Renewable energy developer Elmya has commenced construction on a 30MWp solar PV power plant incorporating a 20MW/40MWh battery energy storage system (BESS) in Kinglassie, Scotland.
Located in Fifa, the Kinglassie site will combine solar generation with battery storage technology to provide grid stability services and optimise energy dispatch during peak demand periods.
Elmya confirmed that it is set to be the first project developed by Elmya Energy and constructed by Elmya EPC in the UK.
The project scope includes the execution of ‘Lite’ engineering, procurement and construction (EPC) on the solar PV side, the BESS balance of system (BOS), and interconnection works as an accredited Independent Connection Provider (ICP).
In this context, Elmya will be responsible for the interconnection between the customer substation and the Distribution Network Operator (DNO) switching station, as well as for constructing the substation building, including civil works and the installation of non-primary equipment.

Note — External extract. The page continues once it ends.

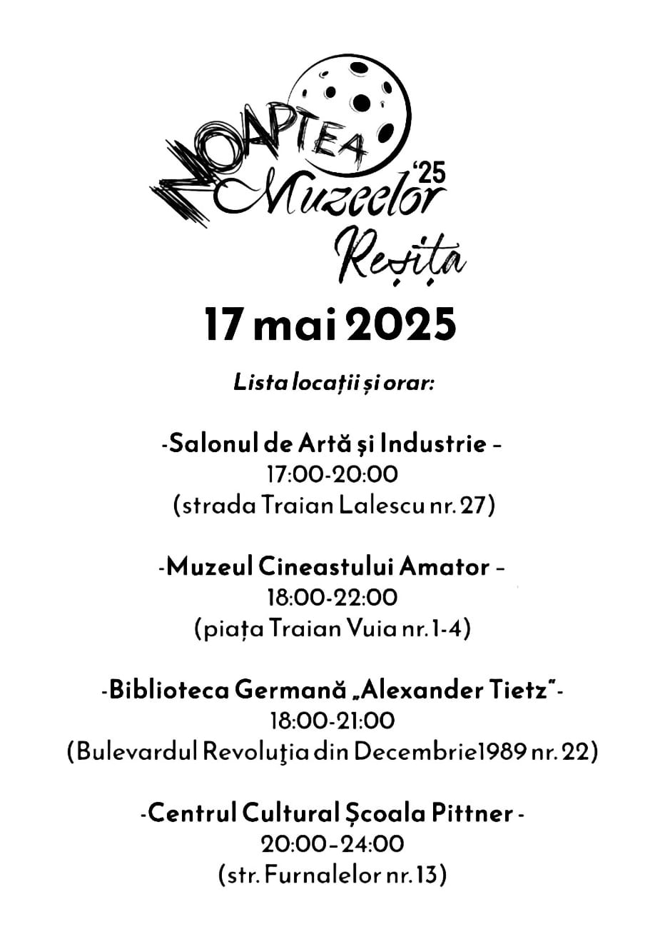O noapte ce țese legături între trecut și viitor Noaptea Muzeelor din Reșița nu este doar un eveniment cultural, ci o celebrare a identității locale, în care fiecare expoziție, spectacol sau colț de stradă devine o pagină vie a istoriei orașului. Prin colaborarea dintre instituții precum Teatrul de Vest, Muzeul Cineastului Amator sau Biblioteca Germană „Alexander Tietz”, Reșița demonstrează că cultura este un pilon al coeziunii comunitare. Iar tombola cu premii unice – de la tricouri create prin linogravură la plachete turnate din aluminiu – transformă participarea într-o aventură cu recompense memorabile. Până la miezul nopții, când Centrul Cultural Școala Pittner închide porțile, orașul rămâne un labirint de inspirație, unde fiecare pas povestește o nouă legendă. Vă invităm să vă pierdeți în el cu curiozitate și să vă lăsați învăluiți de magia unei nopți care transformă patrimoniul în experiență colectivă.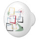 Añada ese toque de diversión y color a su cómoda o mesa de noche con este fabuloso pomo de cerámica moderna de mediados de siglo. Este diseño presenta cuadros abstractos, estallidos y un boomerang en los colores rojo, amarillo, azul, verde y negro... ¡tan divertido!

These works will be carried out in close coordination with the DNO Scottish Power Energy Networks (SPEN), ensuring strict compliance with its technical specifications and relevant regulatory requirements.
Elmya’s Scottish development follows the company’s broader international expansion plans. The developer recently announced a partnership with Atlantica Sustainable Infrastructure to develop 4GW of utility-scale projects in the US.
The Kinglassie project adds to Scotland’s expanding solar capacity as the country pursues ambitious renewable energy targets. Scottish solar developments have gained momentum despite historical concerns about solar irradiation levels, with improved technology efficiency and falling costs making projects increasingly viable across the region.
Construction timelines for the Kinglassie project have not been disclosed, though typical utility-scale solar-plus-storage developments require 12-18 months from breaking ground to commercial operation.
As reported by Solar Power Portal over the years, co-located solar and battery storage systems can deliver operational and economic advantages, making them increasingly attractive for utility-scale renewable energy development.
The integrated approach enables developers to maximise land-use efficiency by combining generation and storage infrastructure on a single site, thereby reducing the overall project footprint and development costs.
Battery storage enables solar facilities to capture excess generation during peak production hours and dispatch power during periods of high demand or low solar irradiance, effectively extending the facility’s operational window beyond daylight hours.
This capability enhances grid stability by providing essential services such as frequency regulation, voltage support, and ramping assistance that help manage the intermittent nature of solar generation.
From a commercial perspective, co-located systems can access multiple revenue streams, including energy arbitrage, capacity payments, and ancillary services markets, while also reducing transmission losses and grid connection costs compared to separate facilities.
The combination also provides greater energy security and grid resilience, particularly valuable during peak demand periods or grid disturbances, while supporting higher renewable energy penetration rates across electricity networks.